Read a subset of metadata columns #1294

victorlin · 2023-08-25T18:07:06Z

Description of proposed changes

Reading a subset of metadata columns is straightforward for most subcommands, but requires some big changes in augur filter:

Previously, --output-metadata relied on an in-memory pandas DataFrame containing all columns. This PR re-implements that option and similar options using a custom Metadata class to write output metadata based on a streamed representation of the input file.
Reading a subset of columns for augur filter requires knowing which columns are used by augur filter --query. Automatic detection is implemented here, but --query is generic enough that I'm not confident the detection will always work. In cases where it doesn't, an error is raised.
A new option --query-columns allows the user to specify what columns are used in --query along with the expected data types.

See commits for details.

Related issues

This PR builds on ideas from discussion on Slack and experimentation in #1242.

Checklist

Tests modified for changes in behavior
Tests added for --query-columns
Checks pass
Add a message in CHANGES.md summarizing the changes in this PR that are end user focused.
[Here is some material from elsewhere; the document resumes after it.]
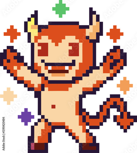 Fototapeta premium Pixel art evil character with horns and tail, celebrating with colorful sparkles around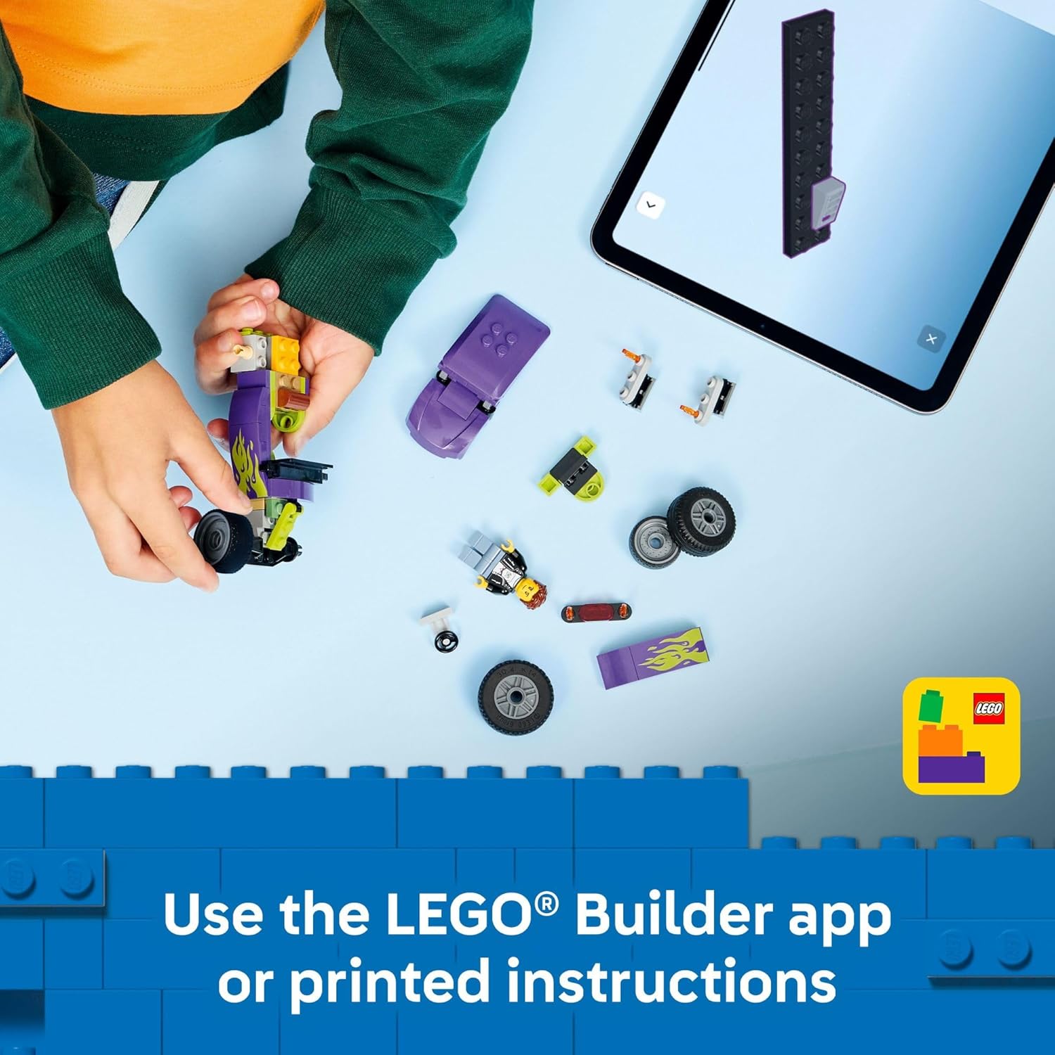 Young race car lovers can buckle up for high-speed drag racing action with the LEGO City Hot Rod (60485) building toy for kids ages 5 years old and up. This compact playset packs big thrills with detailed racing features including oversized rear tires, a driver cockpit with a lift-up roof, and a cool purple color scheme with neon green flames. Kids can place the driver minifigure in the car's cockpit and speed off on high-octane racing adventures. This toy car for kids can be combined with other sets in the LEGO City range (each sold separately) for more exciting race action. Makes a great birthday gift or anytime treat for boys and girls who love classic toy cars, building and imaginative storytelling. For more fun, parents can help kids access intuitive building instructions and 3D building tools in the LEGO Builder app. Contains 81 pieces.

Keep headers and formatting consistent with the rest of the file.
Try running on large datasets (thread)

victorlin · 2023-09-01T22:52:31Z

CHANGES.md

Real-world testing

I ran this against the metadata file produced by ncov-ingest (s3://nextstrain-data/files/ncov/open/metadata.tsv.zst) which has 8.5 million rows x 58 columns. I used the following command to sample to 10 random sequences:

augur filter \ --metadata metadata.tsv \ --subsample-max-sequences 10 \ --output-metadata out.tsv

This took 8m21s to run on master, and 6m21s with changes from this PR. Here's profiling results before and after, which I visualized in Snakeviz. A summary:

Time spent accessing in-memory DataFrames dropped from 494s to 258s.

Without these changes, to_csv takes just a fraction of a second because the metadata for the 10 sequences is already loaded into memory.

With these changes, it takes 109s to run through the metadata file to find the lines for the 10 sequences that are wanted.

The example command benefits from a net positive improvement in run time. Although writing time increased due to 5173cb7, reading time decreased even more due to ac23e80.

This was a "best case scenario" for these changes though, since no metadata columns were used, only strain name. I should probably test with --group-by, --min-date, and other options that load additional columns to get a better picture.

I did not do any memory profiling. Memory usage is not an issue without these changes, and should be less of an issue with the changes.

Did you get round to doing more testing/profiling with --group-by and --min-date and what not?

No, not yet. Still planning to do so before merging.

Tested using the ncov 100k subsample as input to an augur filter command I grabbed from an ncov build. Run time was 16s on master and 7.37s with these changes (cProfile files).

Summary:

Metadata reading dropped from 4.3s to 2.15s (pandas readers.py:read)

Accessing in-memory DataFrames dropped from 8.63s to 1.127s (pandas indexing.py)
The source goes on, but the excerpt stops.